(Data extracted from a collection)

* * * * * * * * *

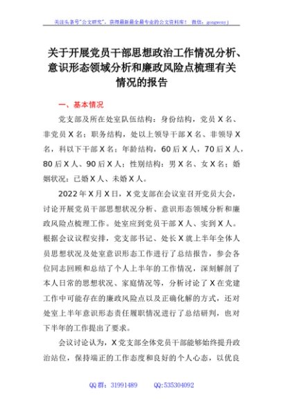/ 关于开展党员干部思想政治工作情况分析、意识形态领域分析和廉政风险点梳理有关情况的报告
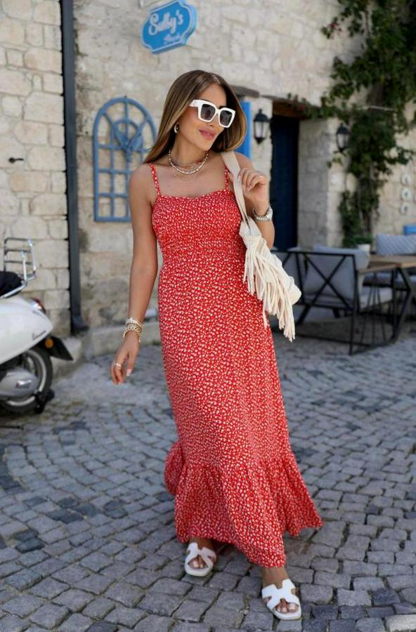 AnasayfaTüm ÜrünlerElbiseKırmızı Eteği Fırfırlı Elbise
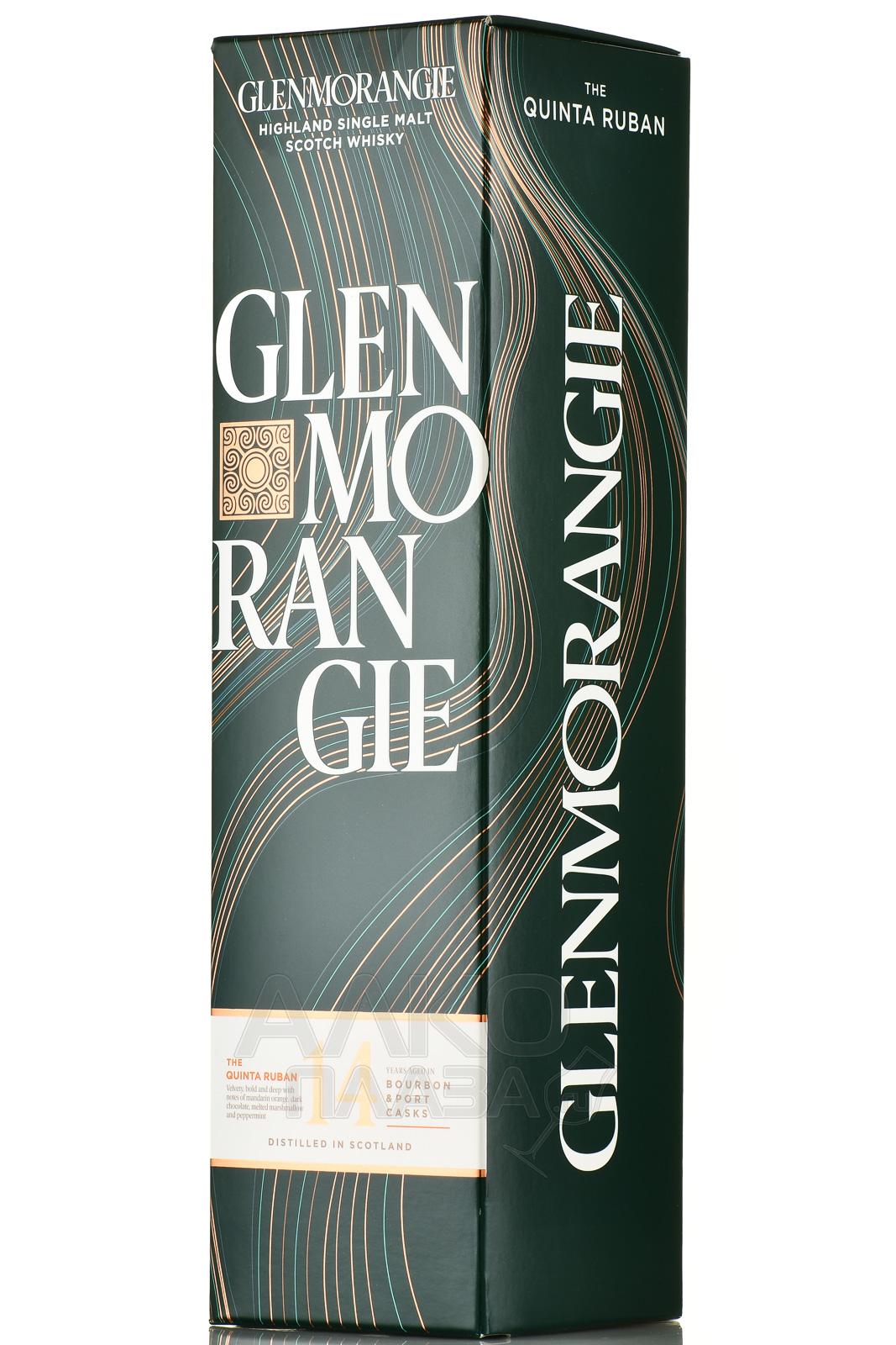 Glenmorangie Quinta Ruban 12 years ( Гленморанджи Кинта Рубан 14 лет ) - глубокий рубиновый оттенок этого виски достигается путем выдержки в бочках из-под портвейна. Аромат яркий, в нем и мармелад, и свежие спелые ягоды с кислинкой. Вкус раскрывается притягательной сладостью инжира в шоколаде, фиников и пикантной горчинкой.
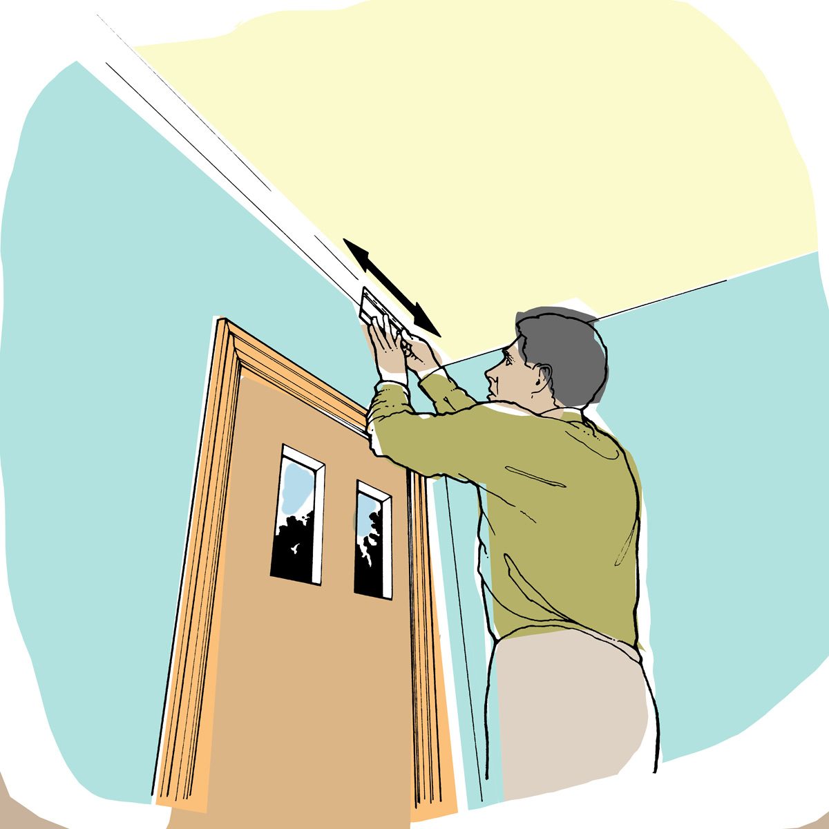When you’re installing crown molding against a textured ceiling, here’s a way to get a nice, tight fit: Cut an 8-inch piece of the molding you’re putting up, and staple a piece of medium-grit sandpaper over the top edge. Then hold the molding in place against the wall and ceiling exactly as it would be attached, and slide it back and forth to sand the area smooth. Not only do you get a perfect fit, but the slight ridge formed by the sanding helps hold the molding in position when you nail it. — Mark Swinson
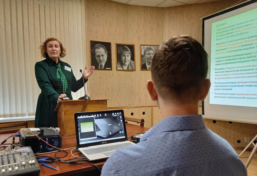 На первой секции были заслушаны один пленарный и девять секционных докладов. Пленарный доклад В. Ю. Нешатаевой был посвящен закономерностям дифференциации растительного покрова севера Корякского округа и геоботаническому районированию его территории (фото 3). В секционных сообщениях представлены различные аспекты изучения растительного покрова Крайнего Севера, которые затрагивали вопросы: классификации и разнообразия растительности (доклады К. И. Скворцова и В. Ю. Нешатаевой; Е. Л. Веревкиной и Е. Д. Лапшиной); мониторинга естественного восстановления растительности оленьих пастбищ (Т. В. Дьячкова); структуры и динамики древесной растительности в горных системах (С. О. Вьюхин с соавторами, А. А. Григорьев с соавторами) и на равнинных территориях европейского северо-востока России (И. Н. Кутявин с соавторами), радиального роста деревьев субарктического пояса (доклады А. В. Манова и И.Н. Кутявина; Д. С. Балакина с соавторами), динамики количественных характеристик древостоев Архангельской области (Ж. А. Бруева и П. А. Феклистов).
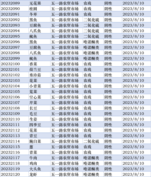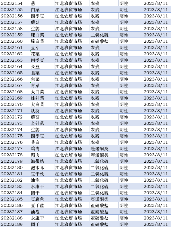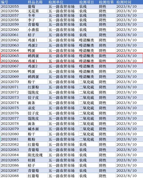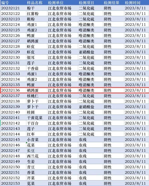 本周快检技术人员共抽取了154批次样品,检测了样品中的二氧化硫、亚硝酸盐、农残、喹诺酮类等有害指标,其中4批次样品,快检喹诺酮类项目结果为阳性,我局立即对不合格样品进行现场封条并下架处理,当天送至第三方检测机构进行定量检测。所有样品检测后统一销毁,杜绝二次上架销售,请广大市民放心购买!
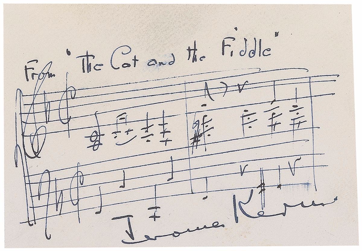 Rare AMQS on an off-white 4.25 x 3 sheet. Kern pens two bars of music, identifying it at the top, “From ‘The Cat and the Fiddle,’” and signing below, “Jerome Kern.” In fine condition. The Broadway hit opened in October 1931 and ran for nearly 400 performances. A superb example and one of few Kern AMQSs we have offered.
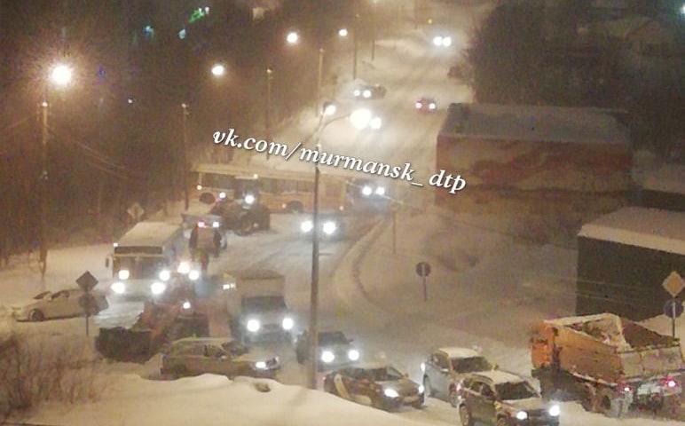 «Там ДТП, троллейбус скатился на легковую в правом ряду, ну и автобусы шлифуют, у бассейна так же», - пишут одни мурманчане.
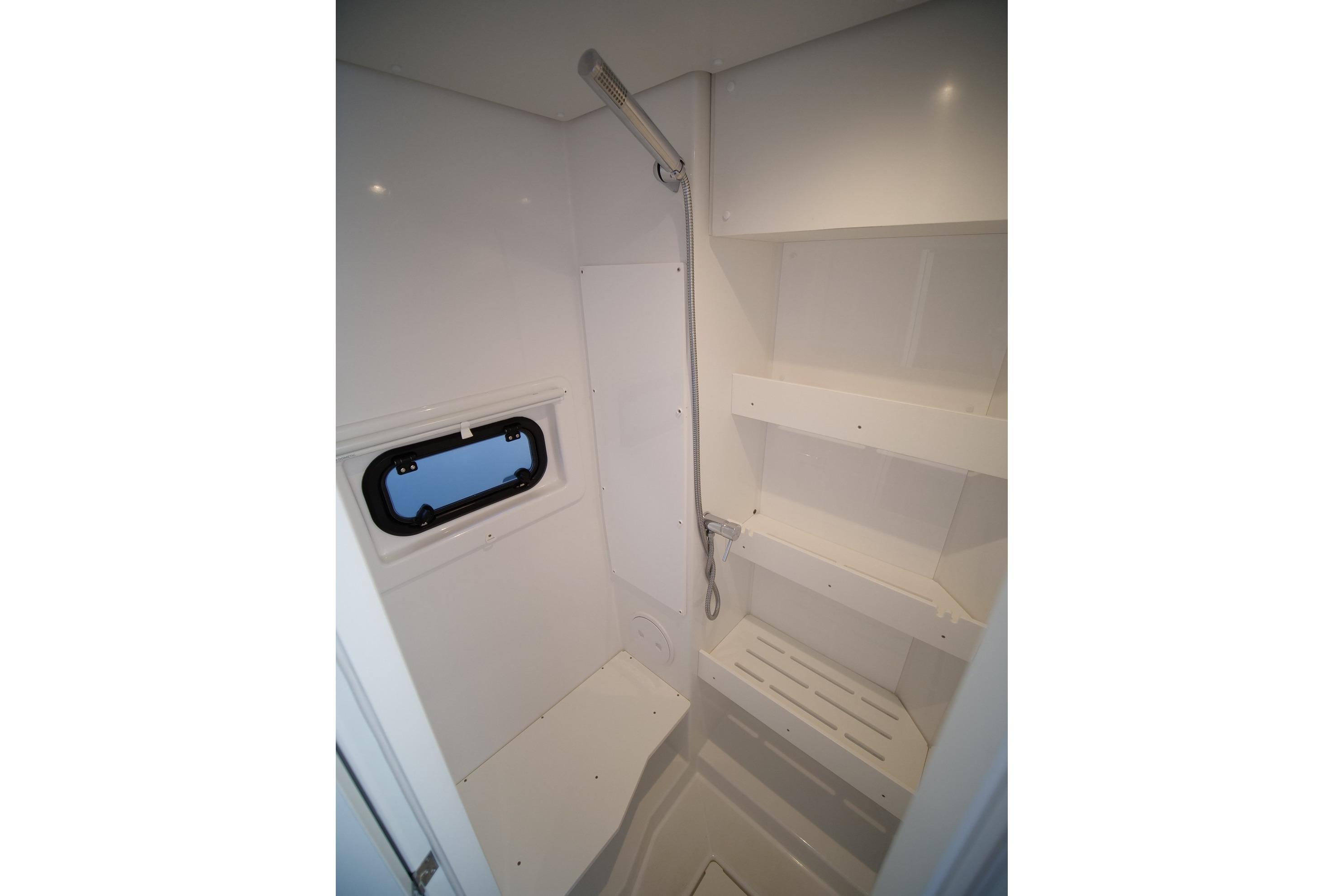 Davits and aft swim platform with shower
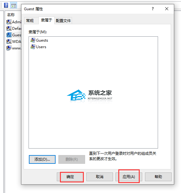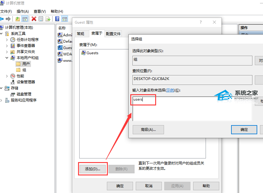 8. 接下来再回到Guest属性窗口,在隶属于选项中,选择users点击添加,然后点击下面的【确定】。
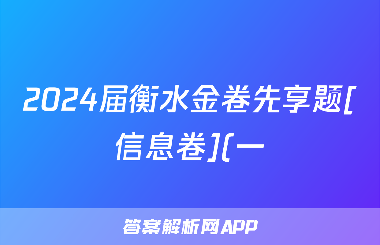 2024届衡水金卷先享题[信息卷](一)1数学(C)答案正在持续更新,目前2024-2025衡中同卷答案网为大家整理了相关试题及答案,供大家查缺补漏,高效提升成绩。
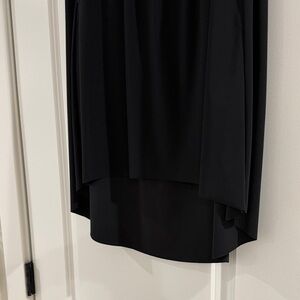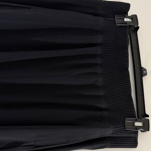 Chic high low design. Perfect for versatile styling. Comfortable fit. Zippered side pockets. Elastic waist. Super comfy and easy to wear for busy days

* * * * * * * * *

Work instructions: Pictures aside, set down the lines from the one containing "Davits and aft swim platform with shower" through the end of the records above, exactly and only those.

Your solution:
 Davits and aft swim platform with shower
 8. 接下来再回到Guest属性窗口,在隶属于选项中,选择users点击添加,然后点击下面的【确定】。
 2024届衡水金卷先享题[信息卷](一)1数学(C)答案正在持续更新,目前2024-2025衡中同卷答案网为大家整理了相关试题及答案,供大家查缺补漏,高效提升成绩。
 Chic high low design. Perfect for versatile styling. Comfortable fit. Zippered side pockets. Elastic waist. Super comfy and easy to wear for busy days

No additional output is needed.